:: What the exercise asks ::
Retype the opening lines of the listing below, ending with the line that contains "이날 행사에 참여한 어르신들은", and leave out any pictures.

:: Supplied material ::

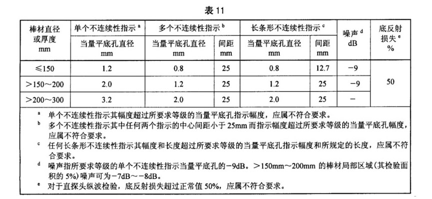 3.6.1 除B類用途的TA15鈦合金棒材外,棒材或鍛坯應按GB/T 5193的規定進行超聲波檢驗,其驗收級別應符表10的規定。
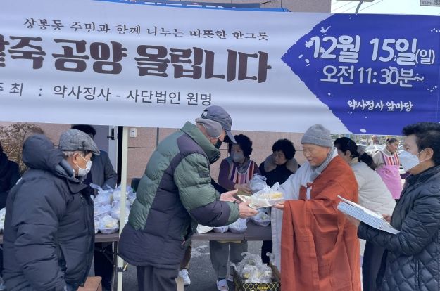 이날 행사에 참여한 어르신들은 “소외된 이웃을 위해 도시락에 이어 맛있는 동지팥죽을 나누어준 약사정사에 감사하다”며 고마운 마음을 전했다.
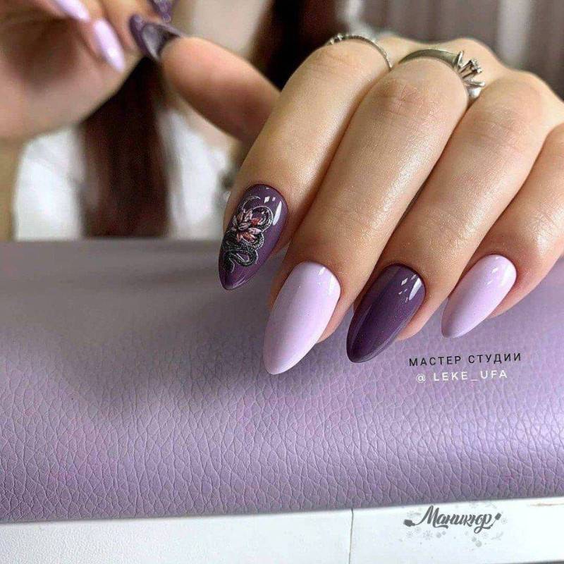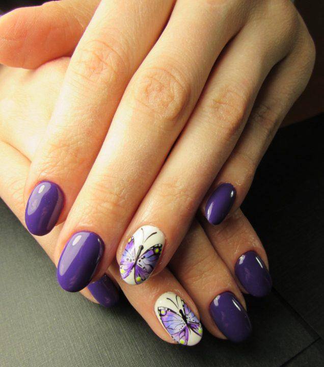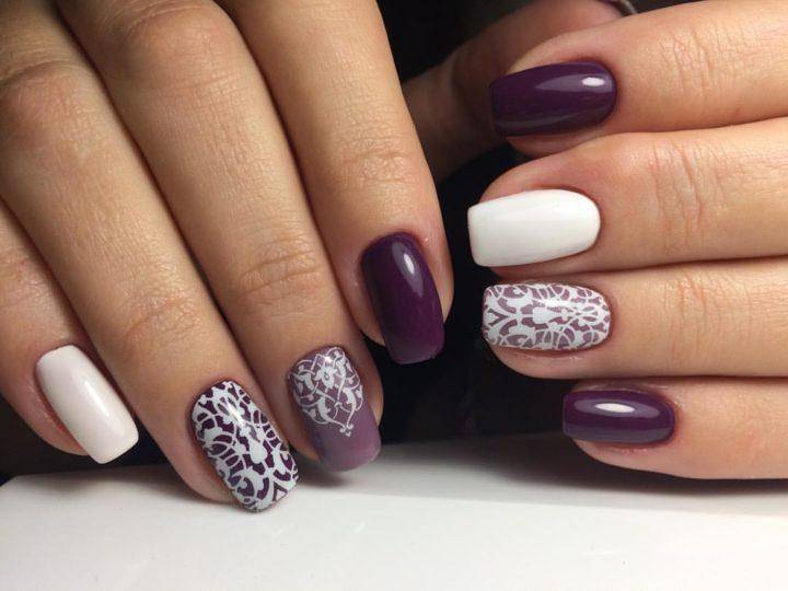 Фиолетовый цвет часто комбинируют с белым, синим и черным лаком, что вместе создает потрясающий контраст цветов, где каждый цвет выгодно подчеркивает другой.
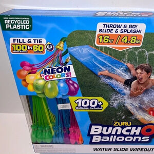 Zuru,NWT, Bunch O Balloons, 16FT, Throw Go, Slide & Splash water slide wipe out, 100+ self sealing balloons included, for ages 5 to 12
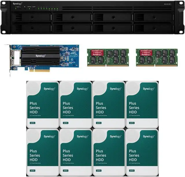 Synology RS1221RP+ RackStation with 8GB RAM, E10G18-T2 10GbE Adapter and 64TB (8 x 8TB) of Synology Plus NAS Drives Fully Assembled and Tested By CustomTechSales
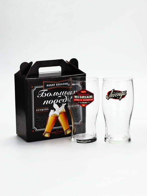 • Подарочный набор пивных бокалов Мегамужик, 2 шт. по 570 мл
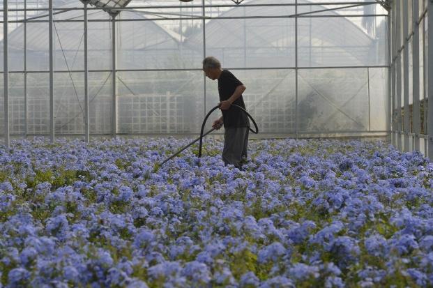 11月2日,位于海宁市盐官镇桃园村的“塔莎的花园”大棚里,员工正在进行花卉养护作业。新华社记者刘力航 摄
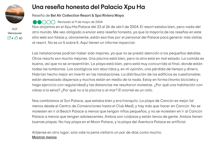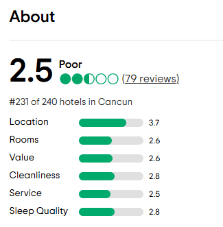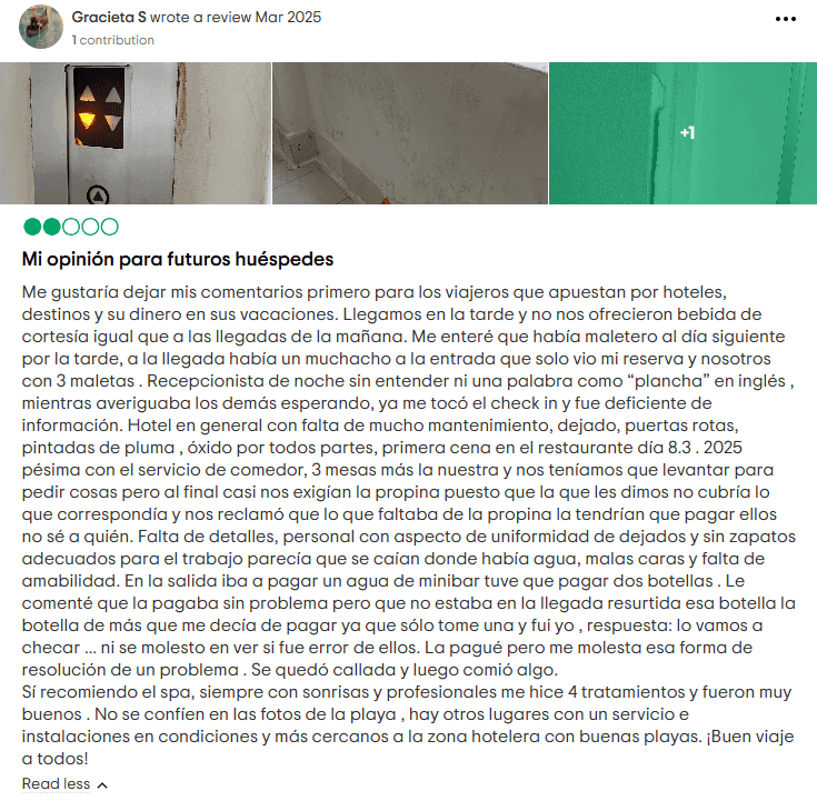 Actualmente, Cyan Cancun mantiene una baja calificación de 2.5 estrellas en TripAdvisor, con una mayoría de críticas negativas.
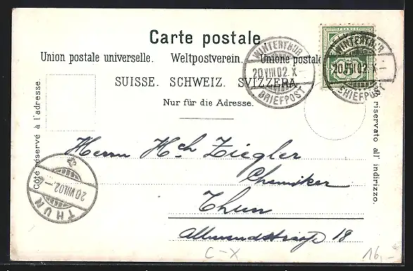 alte Ansichtskarte, gelaufen 1902, Stempelspur, Eckknick unten re., guter Zustand
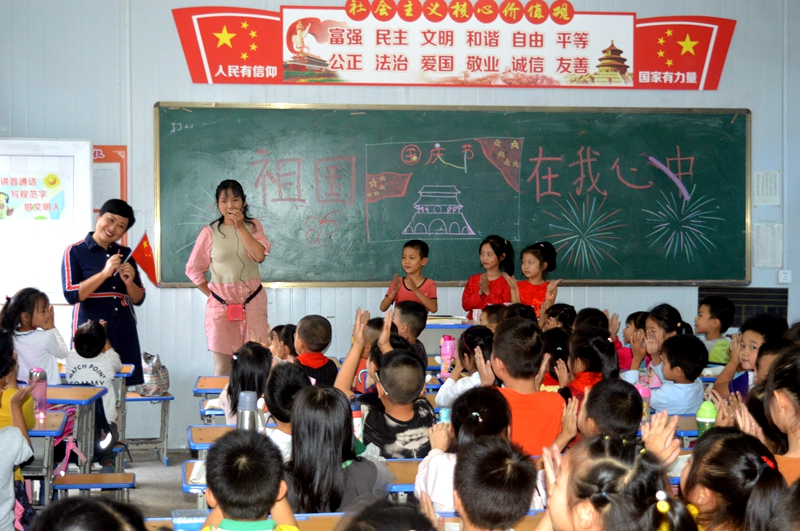 活动中周校长还和同学们一块庆祝,并应同学们邀请讲话,她勉励同学们,今天你们生活在祖国强大的美好时代,在美丽安静的校园学习,共同庆祝祖国母亲69岁生日,是多么的幸福!希望同学们从小养成好习惯、形成好品德,长大练就一身好本领,从小自觉培育和践行社会主义核心价值观,在星星火炬的照耀下,在党的阳光沐浴下,为实现中华民族伟大复兴的中国梦时刻准备着!

:: Answer section ::
 3.6.1 除B類用途的TA15鈦合金棒材外,棒材或鍛坯應按GB/T 5193的規定進行超聲波檢驗,其驗收級別應符表10的規定。
 이날 행사에 참여한 어르신들은 “소외된 이웃을 위해 도시락에 이어 맛있는 동지팥죽을 나누어준 약사정사에 감사하다”며 고마운 마음을 전했다.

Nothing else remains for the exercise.